Last week a German military spokesman, Lieut. General Dietmar, broadcast over the Berlin Radio:

“It must be impressed on every one that decisions against such an enemy as Russia cannot be achieved in no time. The easiest and most complete victories are achieved when the moral resistance of the army—the will to fight—is hit quickly. Against Soviet soldiers there is no chance of weakening this moral resistance by bitter experiences—a process which in other armies spreads like wildfire.

“The Russians are unusually capable of both taking it and giving it. The war against the Soviet Union is a fight against the most powerful military organization in the world, and to bring it to its knees is a difficult task.
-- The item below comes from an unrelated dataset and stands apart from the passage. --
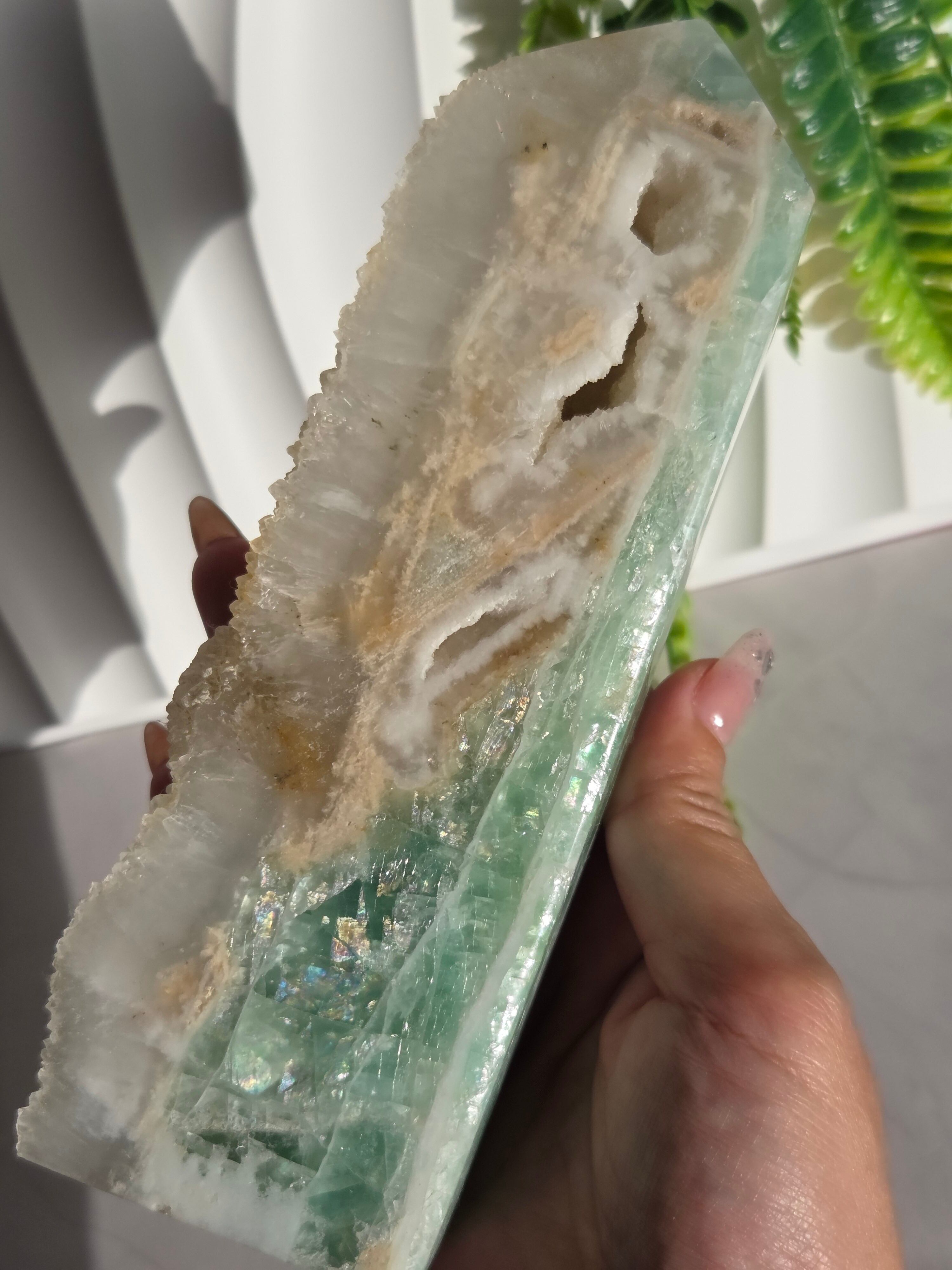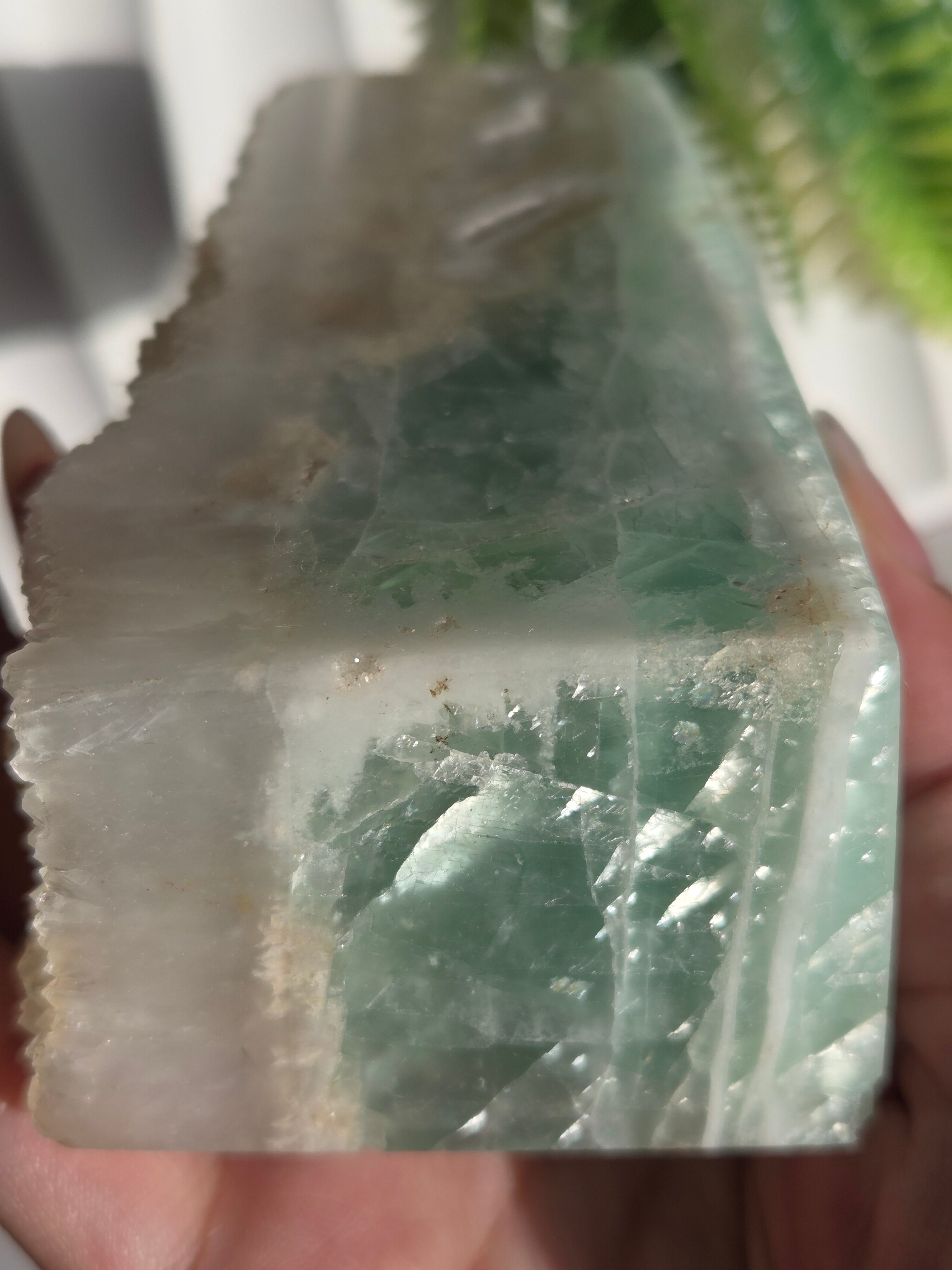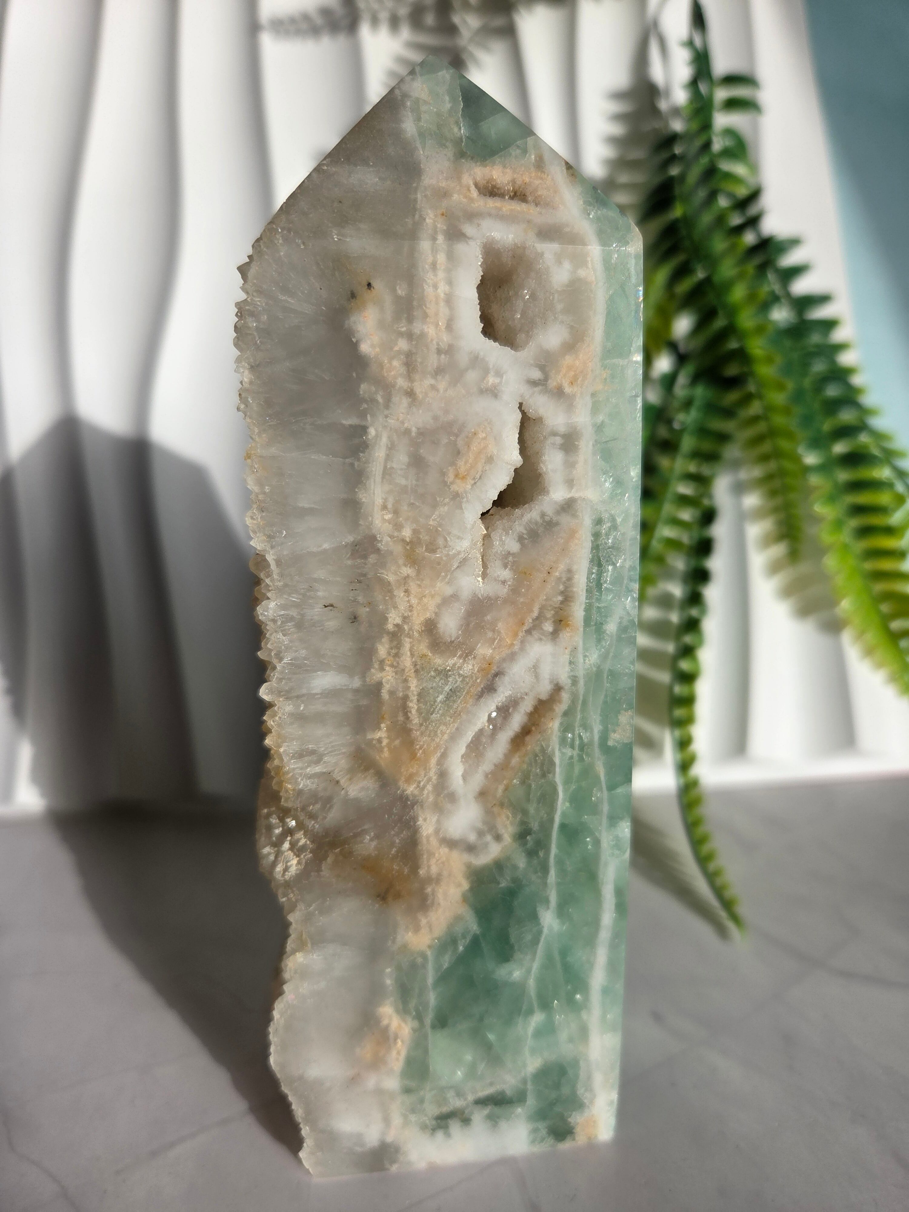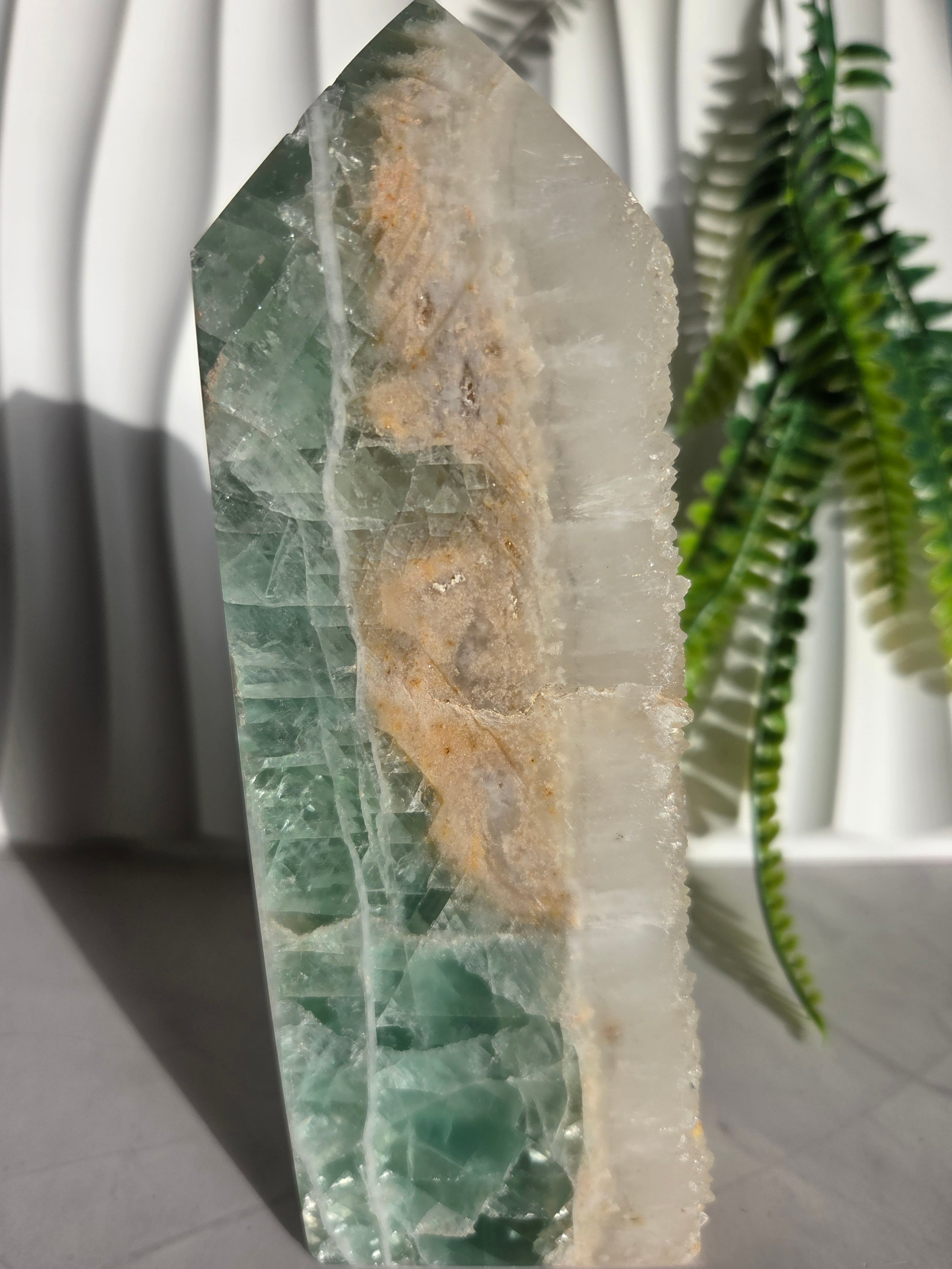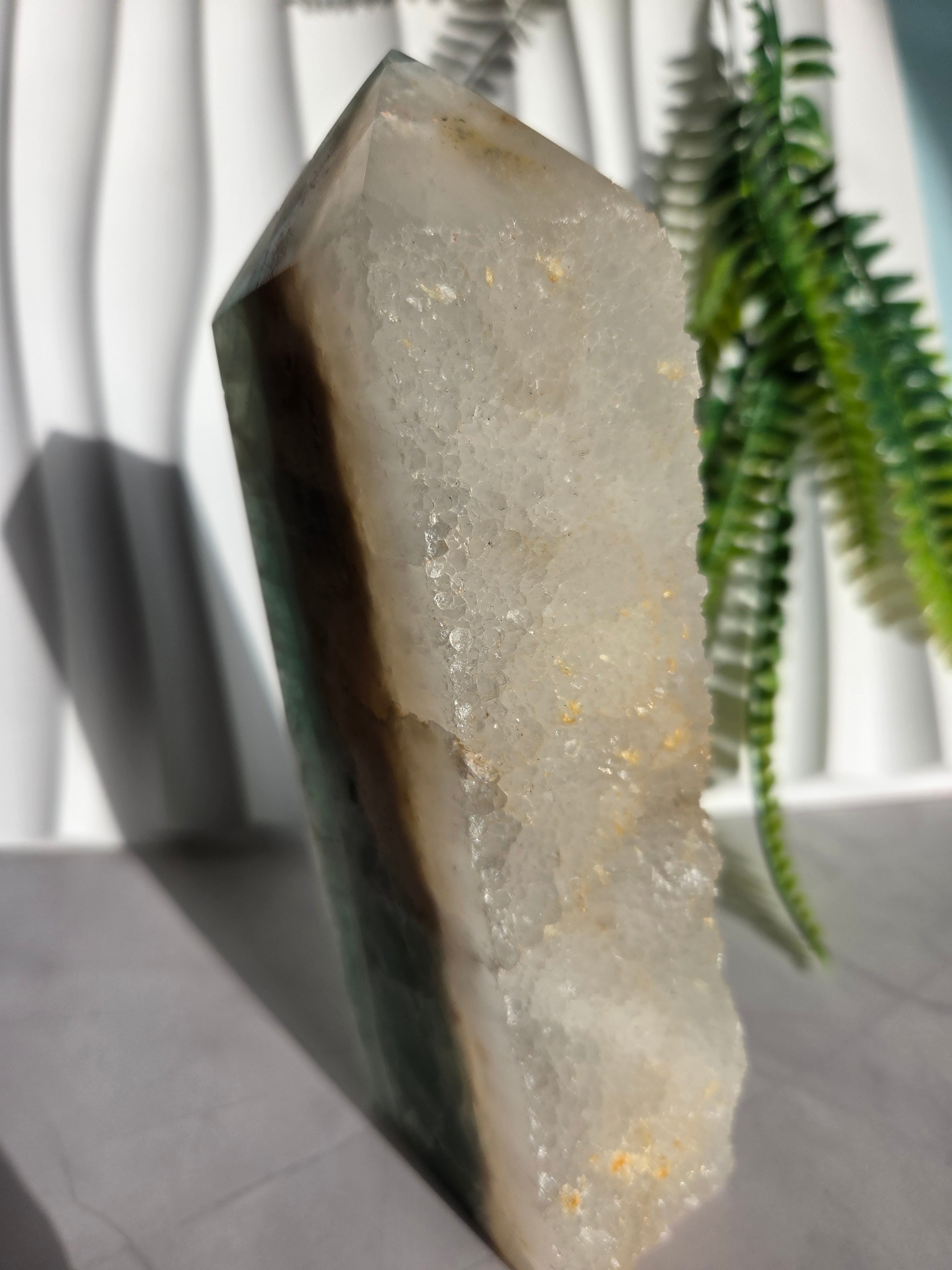 鮮やかなグリーンに、結晶面はポリッシュせず残しており、結晶面と、ポリッシュ部分と楽しめるタワーです。

“Decisions in this war mature only slowly. There is no other enemy in the world with such artful skill in delaying decisions. The enemy confronting us is of a completely different cast of mind, a thing difficult for us to grasp. No enemy can postpone decisions like the Russians, and none can equal them in keeping the scales balanced by throwing in ever-fresh masses. Masses present a difficult problem both to the German High Command and to the German Army, which has to deal with them. On the other hand, the Soviet command lacks tactical consciousness and the feeling of responsibility.

“The German command and Army were sorely tried by the Russians’ unexpected and seemingly improbable tactics, especially at the beginning of the campaign. The Soviet soldier is far more strongly attached than any other soldier to the system in which he finds himself. The authority of the Soviet leadership is limitless. But the system which holds them together is not unshakable. Every defeat suffered by the Russians proves this anew.”